Upper Mid-Band (FR3) TRX Demonstration Projects with Pi-Radio (2024-Present)

Our project repository on GitHub

Using the Pi-Radio FR3 2-channel transceiver platform in combination with Xilinx RFSoC systems, we have developed and demonstrated several advanced research prototypes that explore the potential of FR3 (6-24 GHz) spectrum for future 6G wireless systems. These projects span channel sounding, near-field propagation analysis, autonomous RF sensing, and open 6G prototyping.

Near-Field MIMO Channel Measurement in FR3

We developed a near-field MIMO channel measurement platform for upper mid-band frequencies to support next-generation mobile networks. The system combines Vivaldi antenna arrays, the Pi-Radio FR3 transceiver, and an RFSoC 4x2 baseband subsystem to capture high-resolution channel data across multiple spatial displacements.
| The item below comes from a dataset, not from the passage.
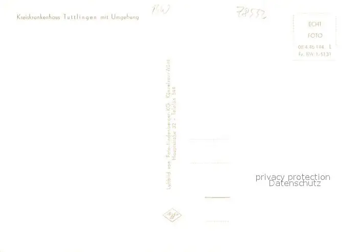 Tuttlingen Kategorie Alte Ansichtskarten Postkarten bx92993 Tuttlingen Kreiskrankenhaus Fliegeraufnahme Tuttlingen postalisch nicht gelaufen nach 1965 Erhaltung siehe scans [WerneD78]

Unlike traditional far-field channel models based on plane-wave assumptions, this platform enables recovery of spherical wave characteristics and precise multipath structure, providing accurate power-delay profiles and path parameters for near-field propagation studies in FR3.

Autonomous Robotic RF Sensing and Localization

In this project, we integrated FR3 wireless sensing with autonomous robotic navigation. A mobile robot estimates the Angle of Arrival (AoA) of a FR3 transmitter, navigates toward the signal source, and localizes it through triangulation. All sensing and navigation results are visualized in real time on a LiDAR-generated map. This work demonstrates how 6G technologies can extend beyond communication into environmental perception, enabling robots to reason about invisible RF signals as part of their sensory framework. The project was presented at the Nokia / NYU Brooklyn 6G Summit and highlights a multidisciplinary collaboration between wireless communications, hardware acceleration, and robotics.

Open 6G FR3 Prototyping Platform

We also developed a comprehensive FR3 prototyping platform for 6G research spanning 7-24 GHz. The system integrates OpenAirInterface, software-defined radios, Pi-Radio front-ends, and Xilinx RFSoC hardware to enable end-to-end wireless experimentation. The platform demonstrates a fully operational communication link, an O-RAN-compliant open radio unit (O-RU), and a high-resolution FR3 channel sounder. Together, these capabilities form a flexible, open, and scalable testbed that supports rapid prototyping, validation, and exploration of next-generation 6G wireless technologies.